Recorded data:
Segment Open
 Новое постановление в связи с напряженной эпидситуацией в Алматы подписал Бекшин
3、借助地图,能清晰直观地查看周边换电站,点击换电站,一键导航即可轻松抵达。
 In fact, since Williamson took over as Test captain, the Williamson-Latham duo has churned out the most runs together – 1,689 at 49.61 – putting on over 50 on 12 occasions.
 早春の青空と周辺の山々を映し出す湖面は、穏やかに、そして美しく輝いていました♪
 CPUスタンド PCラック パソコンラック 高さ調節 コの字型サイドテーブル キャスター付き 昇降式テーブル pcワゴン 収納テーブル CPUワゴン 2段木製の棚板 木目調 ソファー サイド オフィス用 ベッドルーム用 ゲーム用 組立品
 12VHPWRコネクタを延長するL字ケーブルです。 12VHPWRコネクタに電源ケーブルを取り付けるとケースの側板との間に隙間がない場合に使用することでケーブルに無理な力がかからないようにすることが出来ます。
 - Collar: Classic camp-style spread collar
Segment Closed
Segment Open
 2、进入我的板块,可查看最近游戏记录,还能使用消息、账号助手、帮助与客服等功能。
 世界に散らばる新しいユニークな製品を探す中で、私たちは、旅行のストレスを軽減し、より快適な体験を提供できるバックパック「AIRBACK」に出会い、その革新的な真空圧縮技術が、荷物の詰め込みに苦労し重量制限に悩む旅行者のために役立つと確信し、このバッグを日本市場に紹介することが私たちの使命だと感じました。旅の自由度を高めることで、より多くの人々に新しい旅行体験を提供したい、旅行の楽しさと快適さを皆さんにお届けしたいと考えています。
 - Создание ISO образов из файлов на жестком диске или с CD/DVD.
Segment Closed
Task description: Above are the records; repeat exactly the lines from the one holding "早春の青空と周辺の山々を映し出す湖面は、穏やかに、そして美しく輝いていました♪" down to the one holding "- Collar: Classic camp-style spread collar", end lines included.

Answer space:
 早春の青空と周辺の山々を映し出す湖面は、穏やかに、そして美しく輝いていました♪
 CPUスタンド PCラック パソコンラック 高さ調節 コの字型サイドテーブル キャスター付き 昇降式テーブル pcワゴン 収納テーブル CPUワゴン 2段木製の棚板 木目調 ソファー サイド オフィス用 ベッドルーム用 ゲーム用 組立品
 12VHPWRコネクタを延長するL字ケーブルです。 12VHPWRコネクタに電源ケーブルを取り付けるとケースの側板との間に隙間がない場合に使用することでケーブルに無理な力がかからないようにすることが出来ます。
 - Collar: Classic camp-style spread collar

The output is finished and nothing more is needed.